● PROBLEM TO WORK ON:
Give the listing again word for word, excluding the pictures it contains.

DATASET EXCERPT: Begin

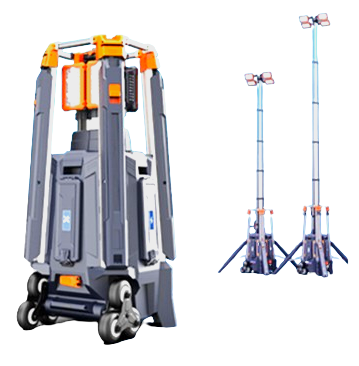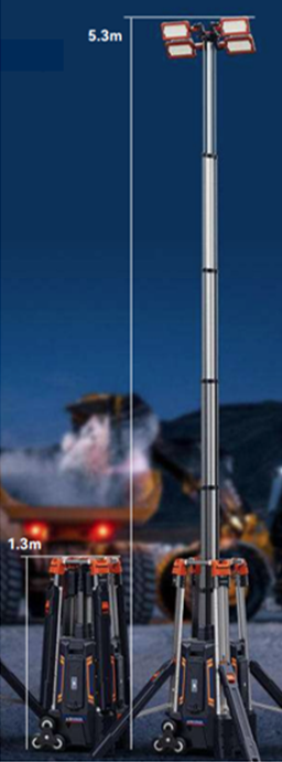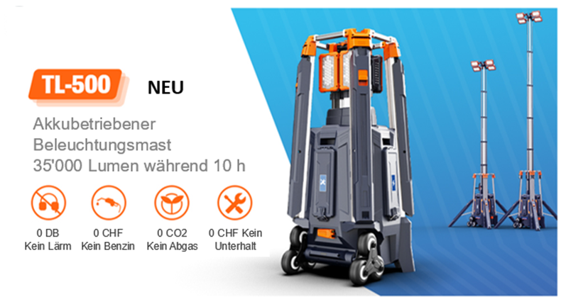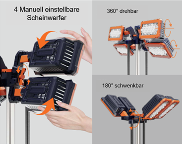 - 4 einzeln verstellbare Hochleistungs-Scheinwerfer auf einem Teleskopmast
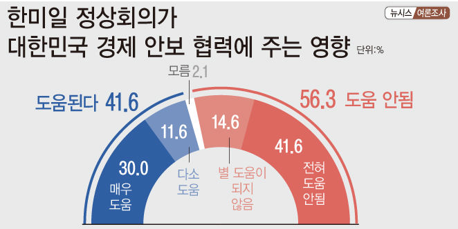 4. 한미일 정상회의, 한국경제 안보 관련? 도움 된다 41.6%, 도움 안 된다 56.3%
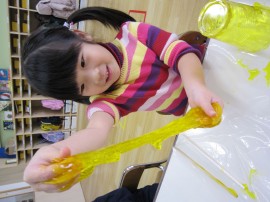 旭川おおぞら認定こども園 クラスの様子(すみれ組) 2023年11月30日(木) すみれ組のクラスの様子です。この日は、スライム遊びをしました。「ジュース遊びをしよう!」ということでコップにスライムの材料を入れ、まぜまぜ・・🍹完成した後は、ストローを差し、飲み真似をして楽しむ子ども達でした!手で感触を楽しむ子も沢山いましたよ😊 もどる

DATASET EXCERPT: End

● TASK OUTPUT:
 - 4 einzeln verstellbare Hochleistungs-Scheinwerfer auf einem Teleskopmast
 4. 한미일 정상회의, 한국경제 안보 관련? 도움 된다 41.6%, 도움 안 된다 56.3%
 旭川おおぞら認定こども園 クラスの様子(すみれ組) 2023年11月30日(木) すみれ組のクラスの様子です。この日は、スライム遊びをしました。「ジュース遊びをしよう!」ということでコップにスライムの材料を入れ、まぜまぜ・・🍹完成した後は、ストローを差し、飲み真似をして楽しむ子ども達でした!手で感触を楽しむ子も沢山いましたよ😊 もどる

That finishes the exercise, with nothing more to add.